Any time an unknown contact asks you to download attachments to your device, be super-suspicious. More often than not, these are scams and the attachments are loaded with malware. Don’t respond to the offer, and if it was made via email, be sure to report the email address as spam. 

  1. They advertise aggressively

If the same solicitation for survey participation keeps popping up across your screen, you may be looking at a scam. Scammers tend to flood their targets with ads in the hopes that one of them will actually work. Similarly, if the survey offer is full of unbelievable testimonials of past

participants, you’re likely looking at a scam. Legitimate survey companies don’t need to try so desperately hard to get people to take their surveys. 

  1. They give you an hour to pre-qualify for the survey

Often, a survey company will want you to answer a few pre-qualifying questions to see if you fit their desired demographic. Scammers exploit the prequalification by having the target answer dozens of questions and then informing them they’ve run out of time and cannot participate in the actual survey.

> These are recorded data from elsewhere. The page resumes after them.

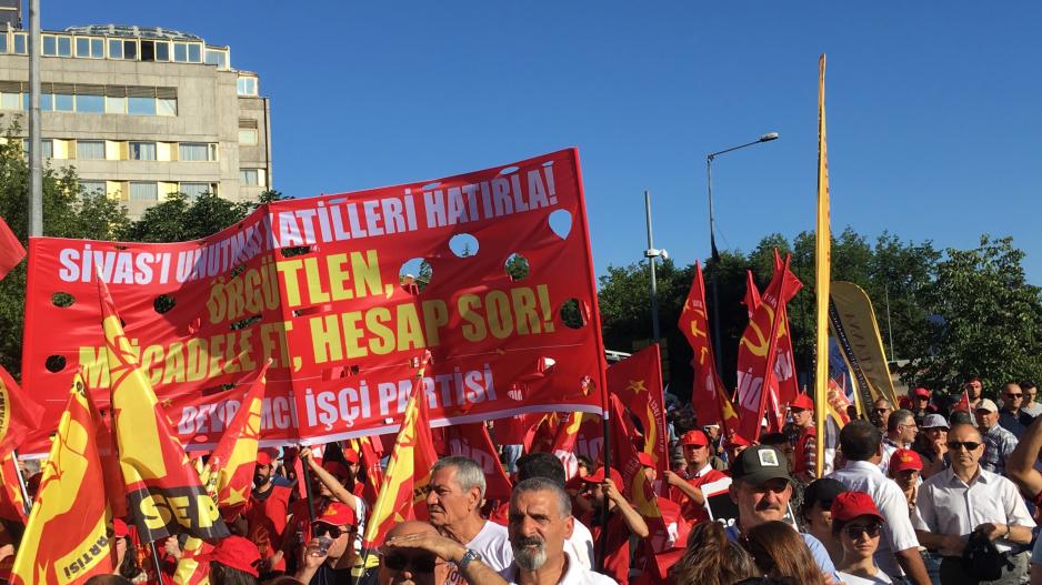 Sivas katliamının 26. yılında, Madımak otelinde hayatını kaybedenleri anmak ve katliamın sorumlularını protesto etmek amacıyla Ankara’da bir miting düzenlendi. Pir Sultan Abdal Derneği’nin çağrıcısı olduğu mitinge Alevi derneklerinin yanı sıra siyasi partiler ve demokratik kitle örgütleri de katıldı. Devrimci İşçi Partisi olarak biz de mitinge “Sivas’ı unutma! Katilleri hatırla! Örgütlen, mücadele et, hesap sor!” pankartıyla katıldık.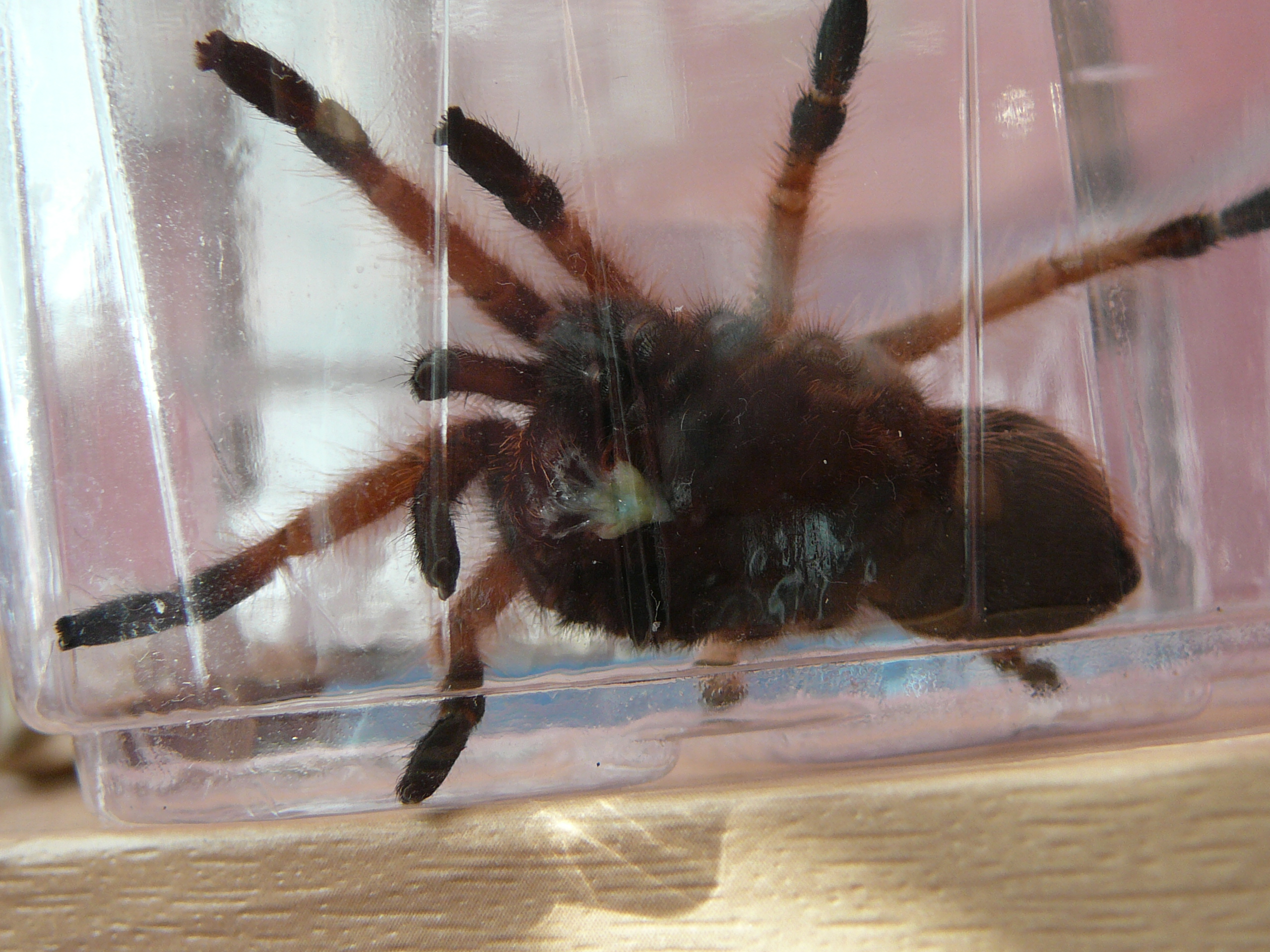 Dnes ráno jsem svým třem pavoukům měnila podestýlku a čistila terária. Když jsem je odchytávala, tak jsem si konkrétně u Boehmei všimla, že má u ústního otvoru jakoby hleny (viz.foto). Nevím jak to jinak nazvat. Ptala jsem se dvou známých, kteří také chovají sklípkany a ti to viděli poprvé v životě. Mám docela obavy, co to je.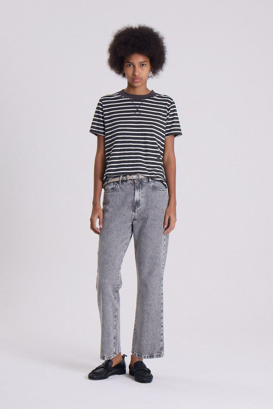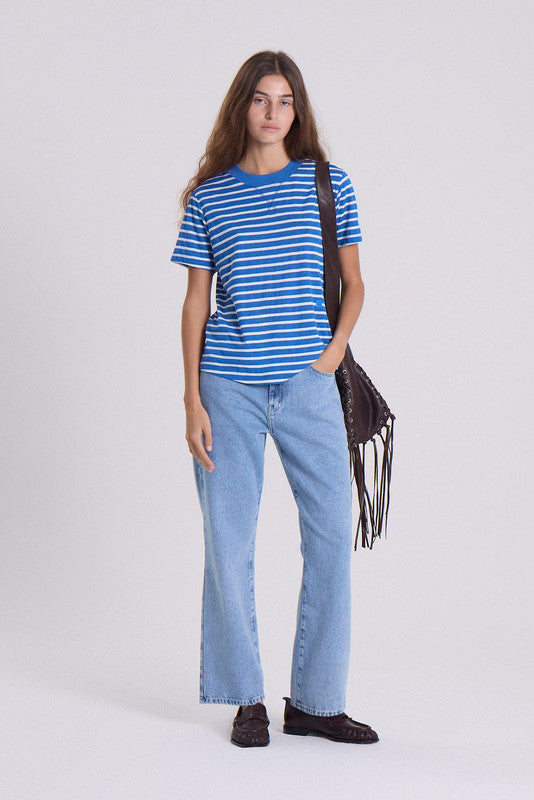 Remera A Rayas De Algodón Peruano, Con Cuello Redondo A La Base Y Bordado Central. Tiene Bordado Marcario En El Delantero. 100% Algodón Peruano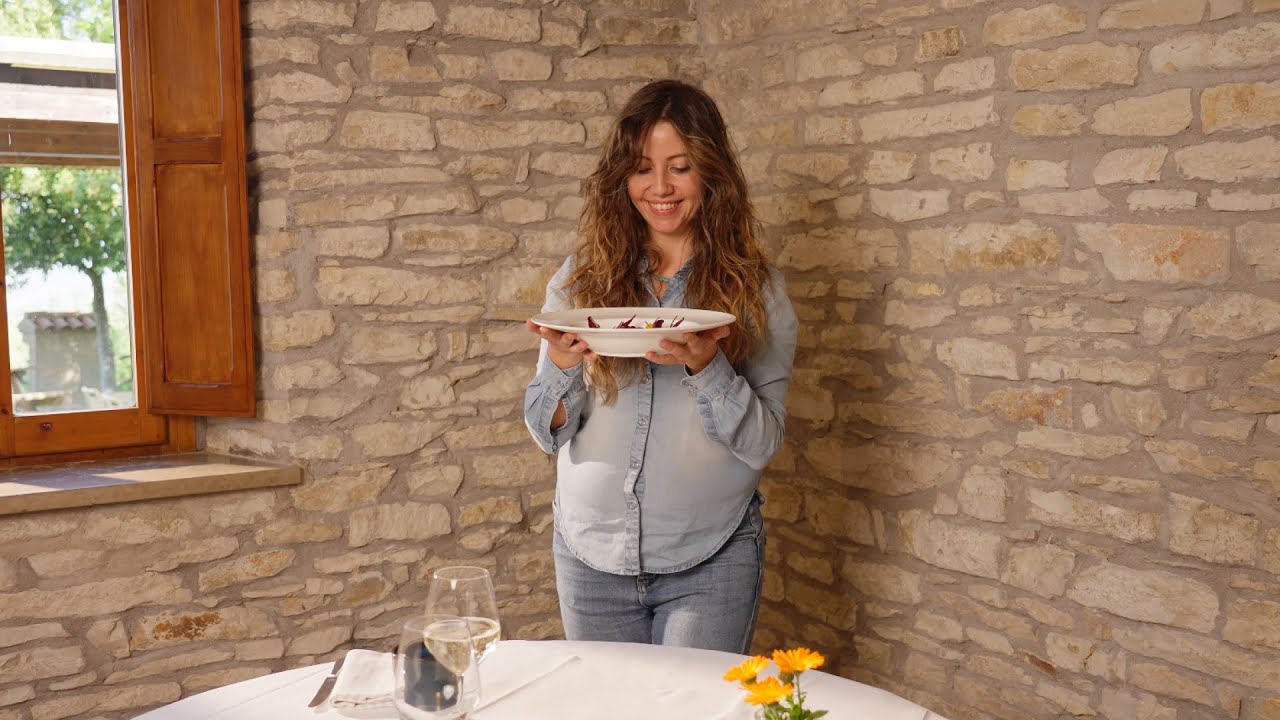[Musica] Corallini di farro con crema di zucca e radicchio agrodolce Una nuova ricetta vegetale davvero saporita sbucciamo e priviamo dei semi la zucca e la tagliamo soffriggiamo la cipolla tritata aggiungiamo patate e zucca a cubetti lasciamo tostare un po’ e ultimi la cottura aggiungendo dell’acqua frulliamo il tutto e aggiustiamo di sale prepariamo una soluzione con acqua zucchero e aceto di V portiamo ad ebollizione e vi immergiamo il radicchio già sfogliato e lavato non appena il bollore riprende lo scoliamo lo facciamo raffreddare e lo tagliamo In una casseruola tostiamo i Corallini con poco olio e aggiungiamo subito la crema di zucca aiutandoci con poca acqua alla volta li portiamo a cottura per ottenere la consistenza di un risotto disponiamo sul piatto cercando di livellare aggiungiamo e i semi di zucca tostati Concludiamo con un filo d’olio la pasta di farro era la pasta preferita dai truschi e romani fatta con il farro coltivato dai nostri Agricoltori perlop nel centro Italia Questa pasta ha indici di glutine più bassi Come quasi tutti i cosiddetti grani antichi Inoltre è caratterizzata da una tendenza dolce non ci resta che [Musica] assaggiarla n [Musica]

This is false, of course, and the questions the scammer just answered actually were the survey questions, only now they won’t be getting paid for it. Check to see if a survey has a time limit on the prequalification before you start answering questions. 

  1. They require an outrageous minimum before payment

Most legitimate survey companies require the survey taker to complete a minimum number of surveys before the first payment. However, scammers require their targets to take an unrealistic number of surveys before they receive their first paycheck. Often, the victim will just quit before they qualify for a payment and the scammers now have these completed surveys without paying anything for them. 

Survey-taking can be a great way to earn some pocket money, but survey scams are rampant. Follow these tips to stay safe!

Your Turn: Have you been targeted by a survey scam? Share your experience in the comments.